Davidson County's move mirrors actions across the region. Neighboring Davie County unanimously approved a one-year suspension on data center proposals in July 2026. Mount Airy unanimously approved a 60-day moratorium on new data center projects the same month. Stokes County commissioners voided rezoning approval for a multi-billion-dollar Duke Energy-adjacent data center project in Walnut Cove.
That pattern of rejection may redirect development pressure toward Forsyth County, where a $3 billion hyperscale data center campus called Project Iron Spur is already pending on 129 acres in Rural Hall. Proposed by Drox Group, the project would include four buildings totaling 1.3 million square feet and a dedicated Duke Energy substation.
The Winston-Salem/Forsyth County Planning Board voted to recommend denial of Drox Group's rezoning request on June 11, 2026, and the final decision rests with the Forsyth County Board of Commissioners. The Rural Hall Town Council initially opposed the proposal but reversed its stance on June 22, 2026, voting to support the project.
At the state level, North Carolina's proposed Ratepayer Protection Act, Senate Bill 730, would require large-scale data centers to pay cost-based electric rates covering new generation, transmission and distribution infrastructure tied to their load, adopt closed-loop water or liquid cooling systems, and bar local governments from offering them tax incentives or subsidies. The North Carolina House approved the bill on second reading by a 69–44 vote on June 3, 2026.

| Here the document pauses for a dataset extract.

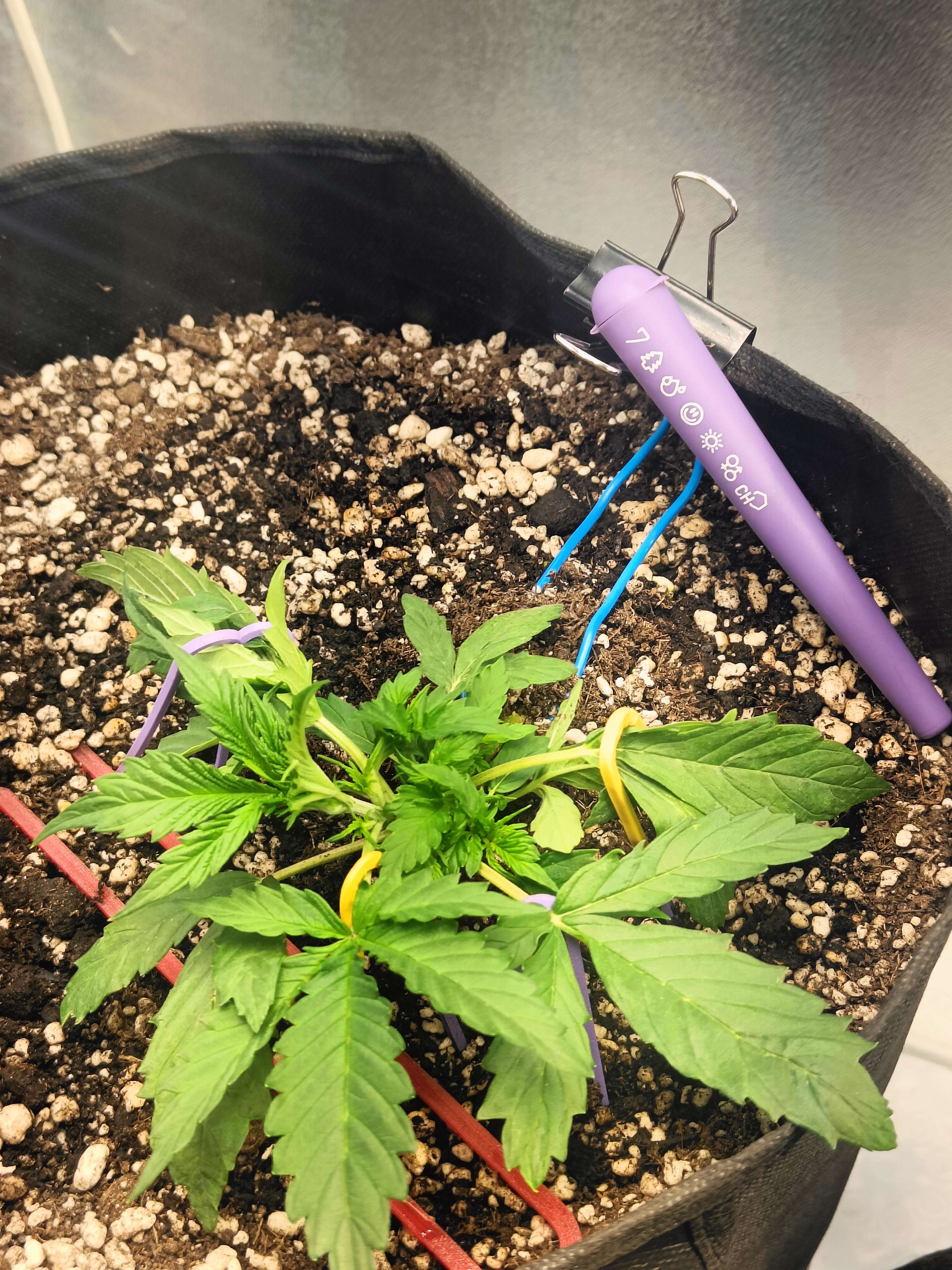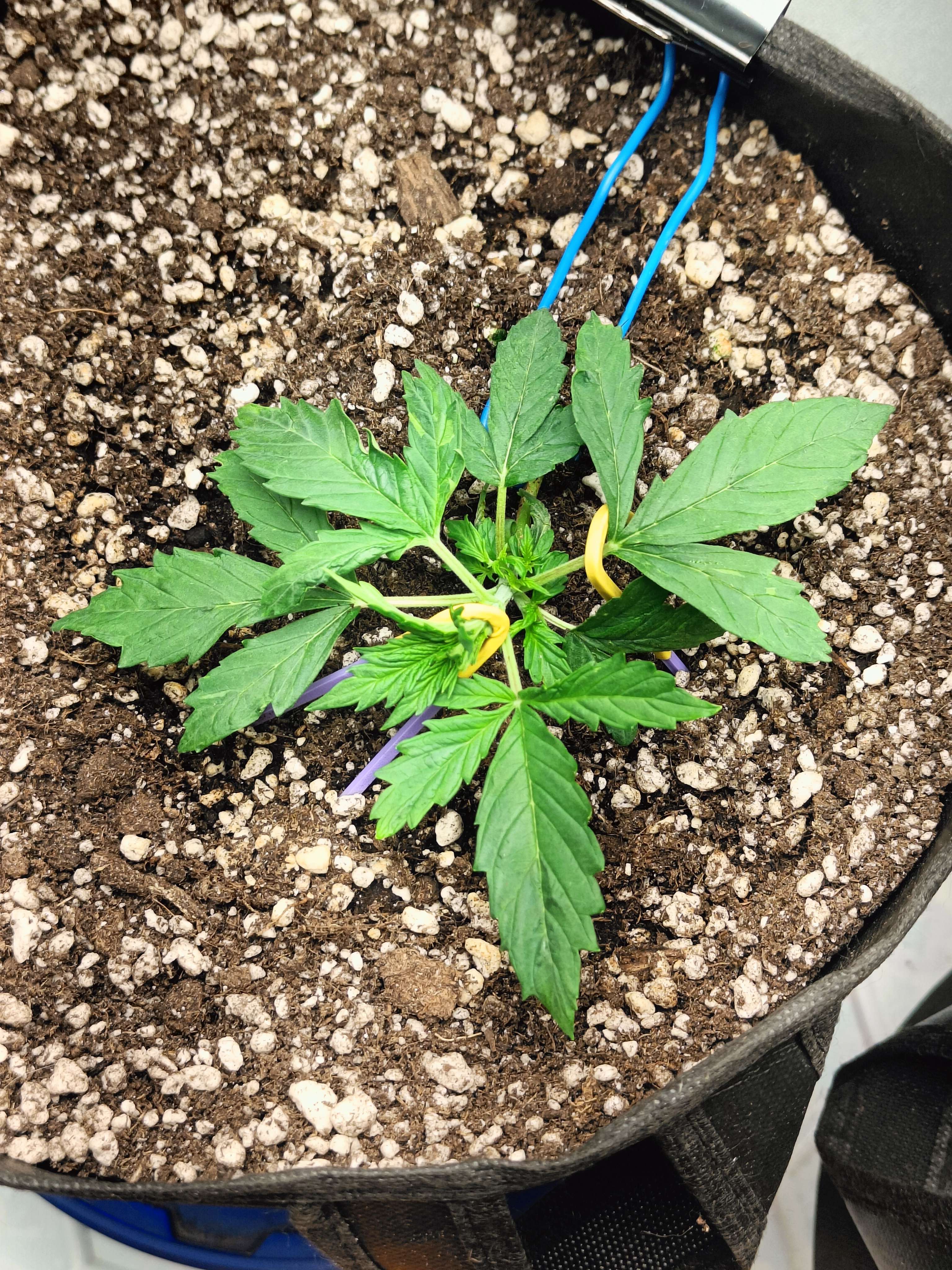 18 День (3.08) Утро Рост 11 см (2 ряд)/13 см(3 ряд)/11см (4 ряд )/1-2 см (5 ряд),начал потихоньку делать LST, градусов 10-15, закрепив проволокой в противоположном направлении

Mizell, who won the 2026 Republican primary for Davidson County Commissioner and appears on the Nov. 3, 2026, general election ballot, framed the debate as a fundamental question of whom government serves.
"I was not elected County Commissioner to represent special interests, speculative development, or the data center industry," Matt Mizell, Davidson County Commissioner, said. "I was elected to represent the residents of Davidson County and to serve as a temporary steward of a county that must be wisely and justly governed."
"Growth should serve the people who live here," Matt Mizell, Davidson County Commissioner, said. "It should not force the people who live here to serve the growth or big business. Data centers certainly belong somewhere. But they do not belong in Davidson County."
As Davidson, Davie, Stokes and Mount Airy place limits on data center development, Forsyth County faces its own reckoning over whether to absorb what neighboring communities have refused — and what trade-offs county commissioners are prepared to accept.